前半、点を取られても取り返して差が開かないのを見て、あれっと思った。北半球のチームになら善戦できるイメージはあったのだが、南半球のチームにここまで食い下がれるとは思わなかったのだ。この時点で試合を見た甲斐はあったと半分以上満足だった。後半に入っても、必死に見ていたので試合経過なんか覚えていないのだが、離されずに食いついていって、同点に追いついたときには、この試合は負けても満足というか、これまでラグビーの代表の試合を、いやラグビーの試合を見てきて、ここまで感動したことはなかった。そして、終盤日本が反則を犯したときに、南アフリカがトライを狙わずに、ペナルティゴールを選択するのを見て、この試合は負けるだろうけど、ここまで南アフリカを追い詰めただけでもう十分、残りは全敗でも、これまで応援してきた甲斐があって、これからも応援していけると思ったのだ。それが、あんな結末が待っているとは、ゆめにも思えなかったし、試合が終わった後には、現実感が全くなかった。
スコットランドには負けてしまったものの、残りの二試合をきっちり勝ち切るのを見て、このチームは本当に違ったのだと、ワールドカップ前の報道を信用しなかったことを後悔した。

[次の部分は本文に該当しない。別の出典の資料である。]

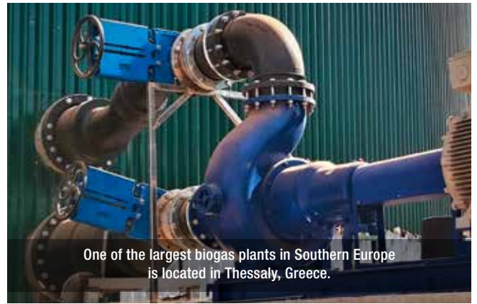
One of the largest biogas plants in Southern Europe is located in Thessaly, Greece.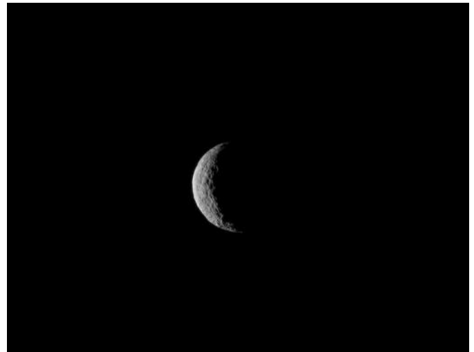
This NASA image obtained on March 6, 2015 shows Ceres, taken by the Dawn spacecraft on March 1, just a few days before the mission achieved orbit

Vesta is bright and reflects much of the Sun's light, while Ceres is dark—a contrast that says these bodies have experienced very different space odysseys.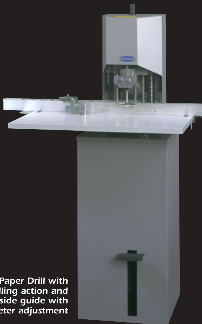
JF Model Paper Drill with foot pedal drilling action and automatic trip side guide with micrometer adjustment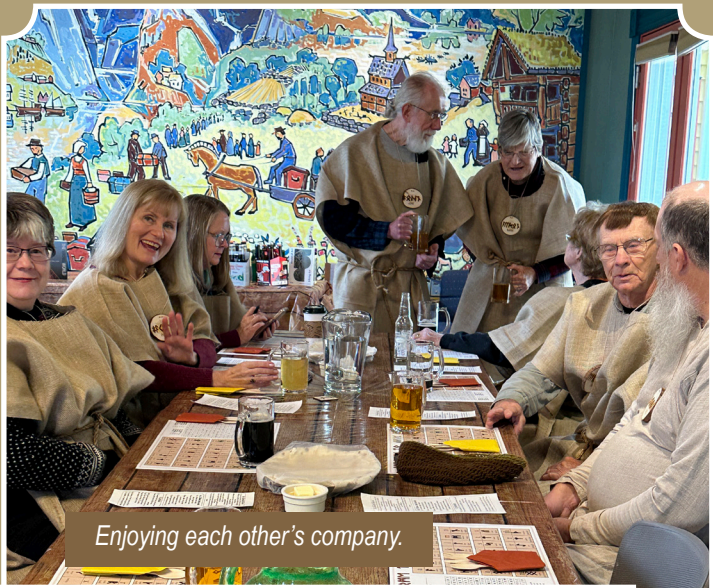
Enjoying each other's company.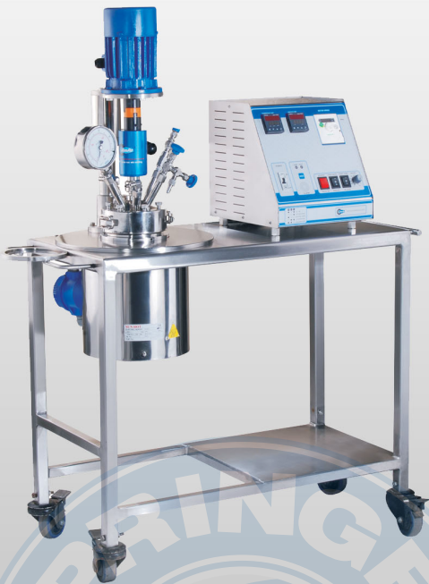
High pressure stirred autoclaves up to 100 liters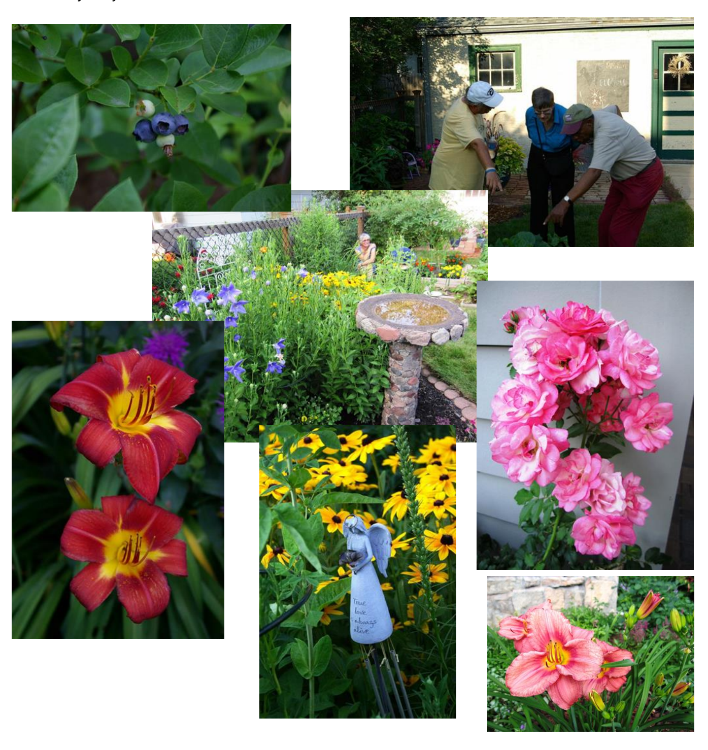
The Garden Spray Page 9 <a href="http://www.mwgcm.org">http://www.mwgcm.org</a>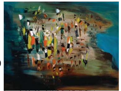
Leeward of the Island, 1947. Paul-Émile Borduas

RESERVATIONS : Please complete and return the form below along with your cheque payable to the Volunteer Association of the MMFA to the following address: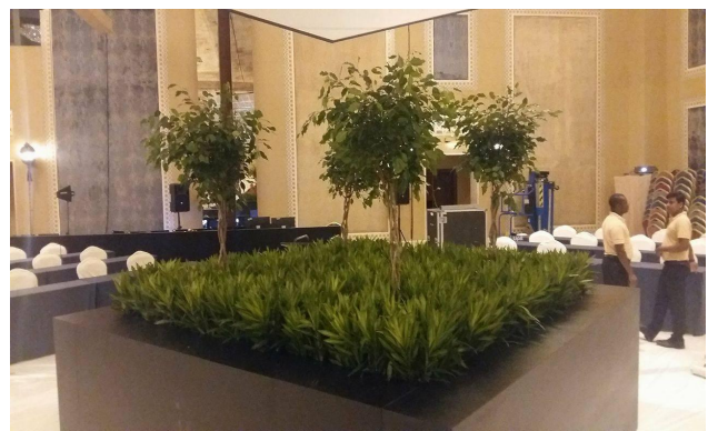
#8 Mixed Cut Leaves Arrangement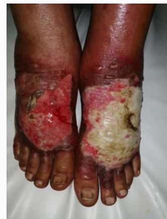
Figure 4: Well-limited ulcerated and fibrinous lesions on the dorsal surface of both feet.

in 4 patients (12.5%) and personality disorders in 3 patients (9.4%).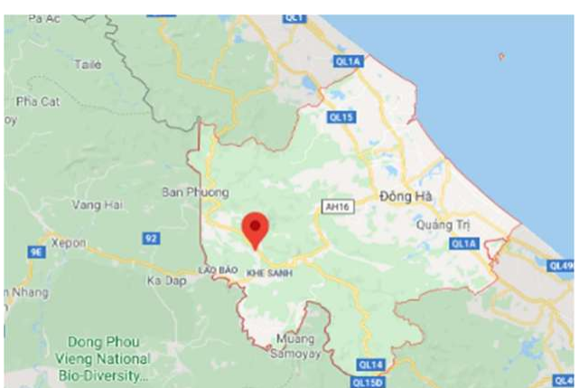
Cua Village is in Huong Tan Commune, Hương Hóa District, Quảng Trị Province

Prin Thahn Kindergarten - Construction Progress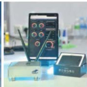
SAGA INTERNET of THINGS (IoT) GATEWAY SYSTEM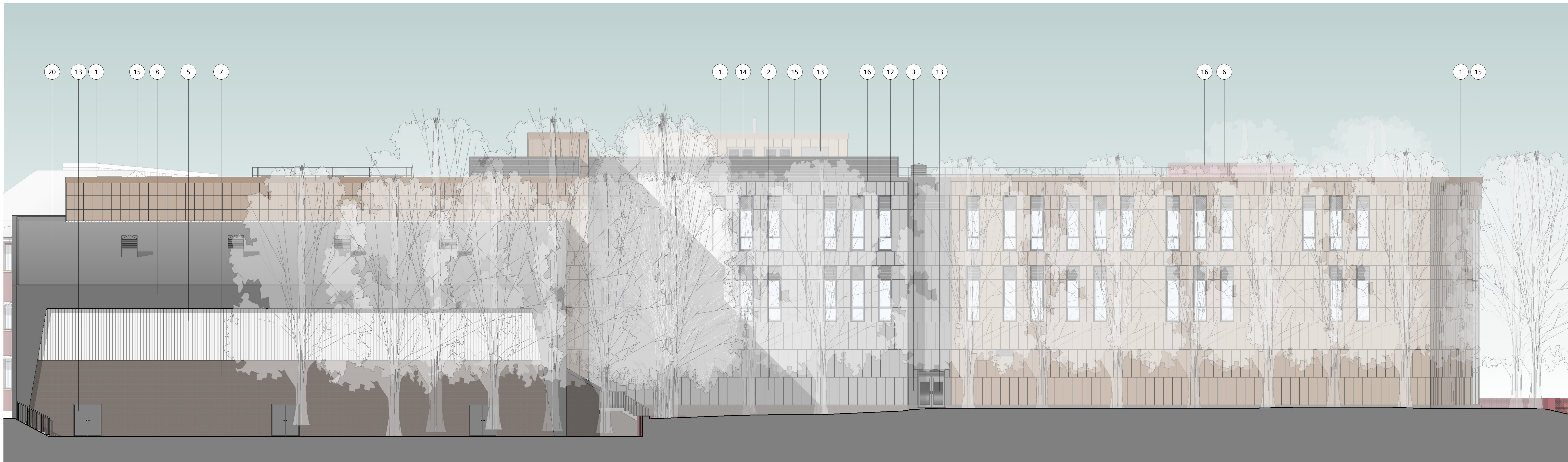
Library Car Park / South Elevation 1 : 100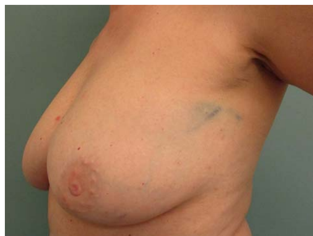
► Fig. 2 Permanent undesirable skin tattooing after carbon marking of the TLN.

After the PST additional marking of the TLN immediately before surgery is not necessary. After incising the skin and opening the axillary fascia, the grey to black marked perinodal tissue and the TLN are sought purely visually and removed (► Fig. 3 ). In patients with body tattoos on the upper body, detection of the iatrogenically tattooed lymph node can be more difficult if other lymph nodes are pigmented as a result of the cosmetic skin tattoo. A distinction is usually possible, however, as the perinodal tissue is pigmented only after TLN, so that a body tattoo is not an absolute contraindication to TLNB after carbon marking (► Fig. 4 ).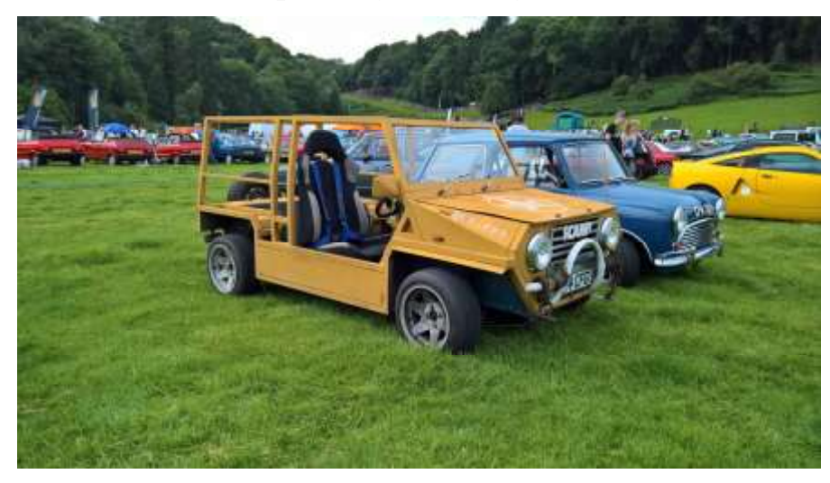
Retro Rides Show – Shelsley Walsh – 2017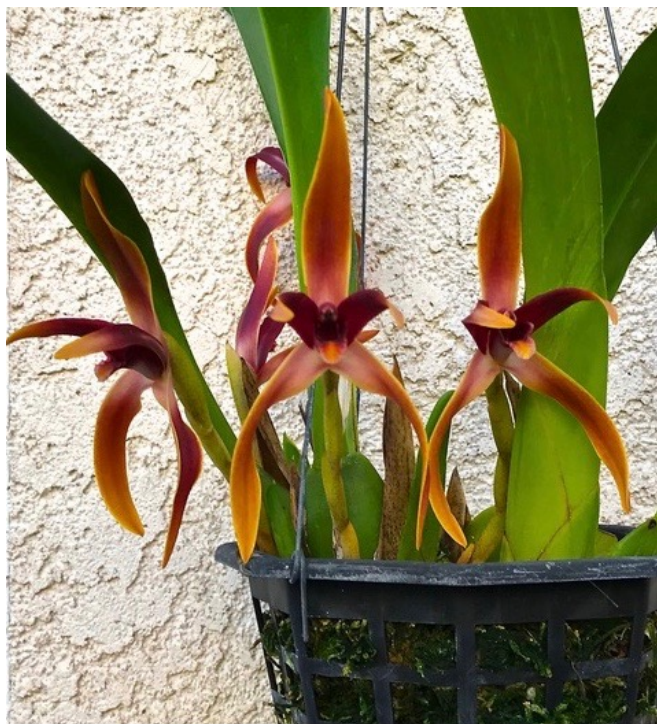
MAXILLARIA species tonsbergii 'Spooky' AM/AOS 5 Flowers and Highly Fragrant! 6 inch moss basket

信じていれば、細かに報道を追いかけてもう少し臨場感をもってワールドカップを楽しめたのに。
とまれ、選手や監督などスタッフの努力は、賞賛しても賞賛しきれない。協会の頭があれでも、現場の監督、選手たちの頑張りで素晴らしい結果が出せたこと、出せるということがわかったのも大きな収穫の一つだろう。今後も、期待はしないで、それでも今回よりは熱心に日本代表の応援をしていくことになりそうだ。
ところで、チェコでもラグビーは行われているのだが、それほど人気のあるスポーツではなく、チェコテレビも中継の経験が少ないせいか、アイスホッケーやサッカーの中継と比べるとレベルが低かった。解説者のコメントは悪くないのだが、テレビ局のアナウンサーが余計なことをしゃべってうるさすぎた。それに、以前から疑問だったのだが、トライを獲得できる点数に合わせて「5(ピェトカ)」と呼んでいるし、ノッコンもスローフォワードも同じ反則扱いだし、モール、ラック周辺の反則のほとんどはオフサイドで処理されてしまっていた。昔はトライは「4」と呼ばれていたのだろうか。このあたりのあいまいさが、チェコのラグビーがなかなか強くなれない一因かもしれない。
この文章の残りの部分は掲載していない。